The Story Behind Bizarre Tree-Climbing Goats of Morocco

The goats cannot digest the nuts. Instead, they strip away the skin, devour the pulp, and swallow the nut whole. The nut then passes through the goats’ digestive systems, softening in the process, before being passed in the excrement. The nuts can then be gathered and ground to produce argan oil.

Written by August 13, 2019 14:04

New Delhi: Looking like goat-shaped baubles decking out a tree, what’s driving this seemingly odd sight is the creature’s immense craving for a tasty snack. You may come across rather an unusual sight when traveling in some areas of Morocco: goats perched on the branches of trees, happily munching on fruit.

In south-western Morocco, acrobatic goats climb argan trees to eat their fruit and leaves. A tree full of goats is a striking sight, but the goats’ widely overlooked habit of regurgitating and spitting out the nuts may be important to the life of these forests.

Why do Moroccan Goats Climb Trees?
The cloven-hoofed goats in Morocco only climb one particular type of tree: the Argania spinosa, typically referred to as the argan tree. The tree is endemic to southwest Morocco. A prickly and thorny tree, it produces small yellowish flowers, which then produce a fairly small fruit. The fruit’s seed is within a nut, which is further surrounded by soft flesh and a tough outer skin.

The fruit’s pulp is what attracts the goats to the argan trees.

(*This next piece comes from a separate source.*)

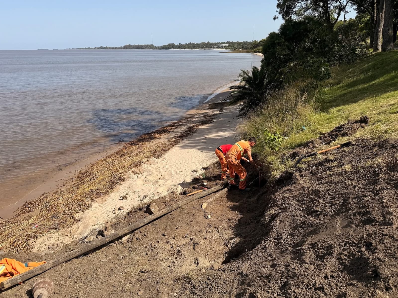 En este caso en particular: en El Álamo, realizando el mantenimiento de las escaleras y de las bajadas a la playa, hecho que se replica en toda la costa coloniense, con un equipo compuesto por unas 20 personas y trabajos que también incluyen corte de pasto, limpieza en general, pintura de escaleras y barandas, procurando acondicionar de la mejor manera posible el acceso a las playas.

While the creatures will happily keep all hooves firmly on the ground and graze on low-hanging fruit, once they have gobbled the easy-to-reach produce they will scramble up into the tree in search of more. The fruit is not consumed by humans.

In a country where food sources can be scarce for wildlife, Moroccan goats discovered a meal that they both enjoy and do not need to compete for. Kept away from the trees until the fruit is ripe (maturing takes more than a year), farmers actively encourage the goats to climb the trees for a good feed as soon as the fruit is ready. There are several reasons why.

Traditional Role in Agriculture and the Argan Oil Industry
The nut of the argan tree is used to produce the much-sought-after argan oil, an oil that is thought to have many beneficial properties and is used for both culinary and cosmetic purposes. So why would the farmers want the goats to eat the fruit?

The goats cannot digest the nuts. Instead, they strip away the skin, devour the pulp, and swallow the nut whole. The nut then passes through the goats’ digestive systems, softening in the process, before being passed in the excrement. The nuts can then be gathered and ground to produce argan oil.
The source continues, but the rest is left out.